The best setup for this is to have a camera on the groom, a safety full-stage camera, and a floater camera. This will make sure you get the groom’s reaction and the bride walking down the aisle. If you only have one videographer, the groom may step out of frame from his static camera. Without two videographers, you run a high risk of missing the groom’s reaction.

The Advanced Setup

The advanced setup uses 4 cameras to ensure everything is captured. I wouldn’t recommend this be done by only one videographer. We use a 2 person and 4 camera setup when we capture full ceremony videos. You can see what that looks like below.

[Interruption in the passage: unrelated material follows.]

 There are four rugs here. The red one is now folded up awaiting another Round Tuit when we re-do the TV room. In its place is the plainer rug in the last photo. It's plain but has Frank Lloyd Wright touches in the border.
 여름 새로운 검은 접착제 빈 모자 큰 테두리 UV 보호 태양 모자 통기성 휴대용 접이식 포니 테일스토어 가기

When running four cameras, you get static cameras on the bride, groom, and the full stage ceremony shot. On top of that, you have a floating camera that brings attention to details and gets close up shots of speakers.

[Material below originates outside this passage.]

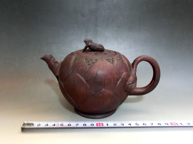 - 急須■中国 朱泥 蛙 蓮 東暁茜製?在銘 睡蓮 紫砂 茶瓶 古玩 唐物 中国 古美術 時代物 骨董品■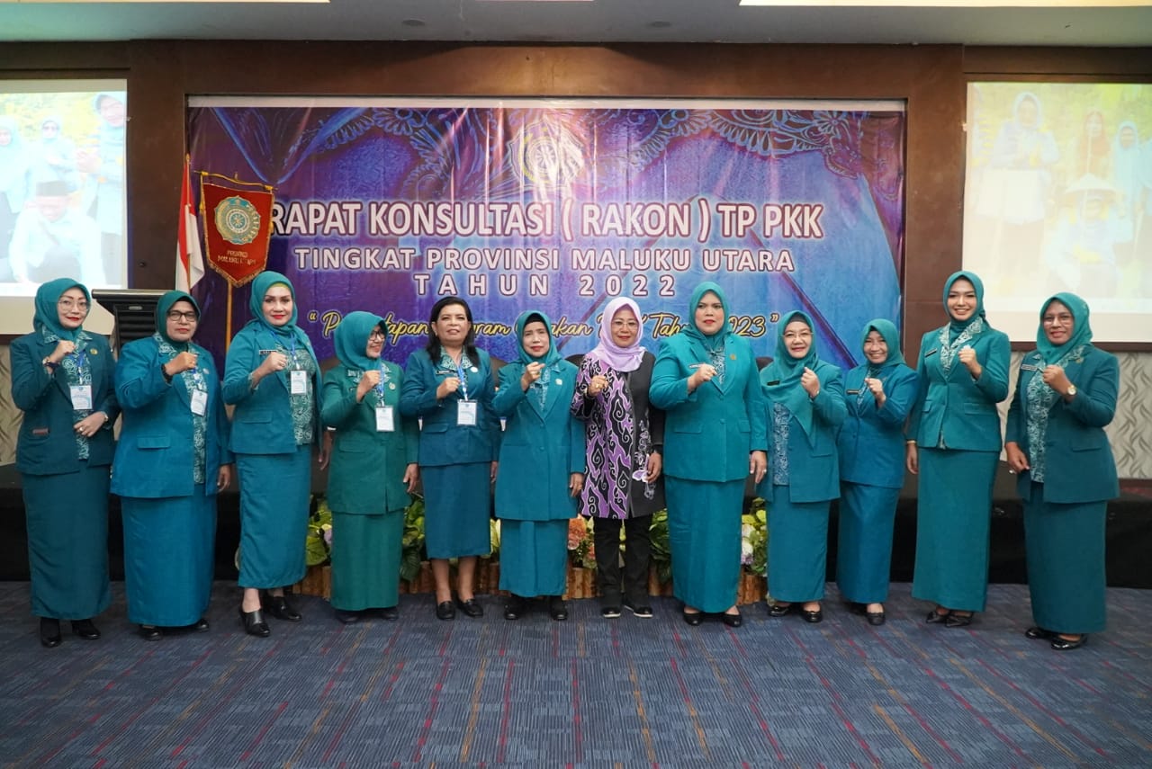 TERNATE – Dalam Rangka menjalin silaturahmi dan komunikasi serta mengevaluasi pelaksanaan sejumlah program kerja TP-PKK Provinsi Maluku Utara maupun Kabupaten/Kota, dengan ini dilaksanakan Rapat Konsultasi (RAKON) TP-PKK tingkat Provinsi Maluku Utara yang dibuka oleh Gubernur Maluku Utara yang diwakili Asisten II Bidang Perekonomian dan Administrasi Pembangunan Setda Provinsi Maluku Utara Ir. Sri Haryanti Hatari. bertempat di Ballroom Muara Hotel Ternate. Minggu (04/12/2022) malam.

Why you may not need a full wedding film at all

Most full edits should be fairly standard given the variables we talked about. However, creative edits vary significantly. Most companies should offer a creative edit. This showcases all the moments throughout the day. It’s important to hire someone that has a portfolio that aligns with what you like. Some creative edits are only edited to music. Make sure your videographer is recording speeches if you want that in your film.

Are you on the fence when it comes to getting full ceremony coverage? The following advice varies depending on what company you hire. When getting a creative edit, the videographer rolls the camera on the most important speeches. The mindset of shooting a full ceremony and a story film are quite different. Full ceremony films require the videographer to always have a clean angle at every moment to create one seamless video. That means a solo shooter has to make the safest choice rather than the best choice. Safe choices are further away, less intimate, and don’t get detailed up close shots of things like putting on your rings.

How a film can look better while staying in budget

When our company shoots creative edits, the videographer makes judgment calls on where to focus the camera. All the audio is still recorded separately. This means the videographer can get a close up on the person talking and then pan down to get a close up of the rings. He/she can cut out the camera movements so everything feels smooth. The speeches can be overlaid on other footage throughout the day. Below is an example of what our single shooter can accomplish with one camera.

As you can see from the above example, a creative edit doesn’t capture the whole wedding ceremony and speeches in their entirety. It does, however, showcase the big moments. If you want to capture the full ceremony and toasts, you’ll want to get a package that includes it. If you just want to relive the overall experience, a creative edit is your best choice. You can also get both if you want. Hope this has helped you understand the differences when picking ceremony coverage. Make sure to ask your videographer how he or she plans to film it before you book them.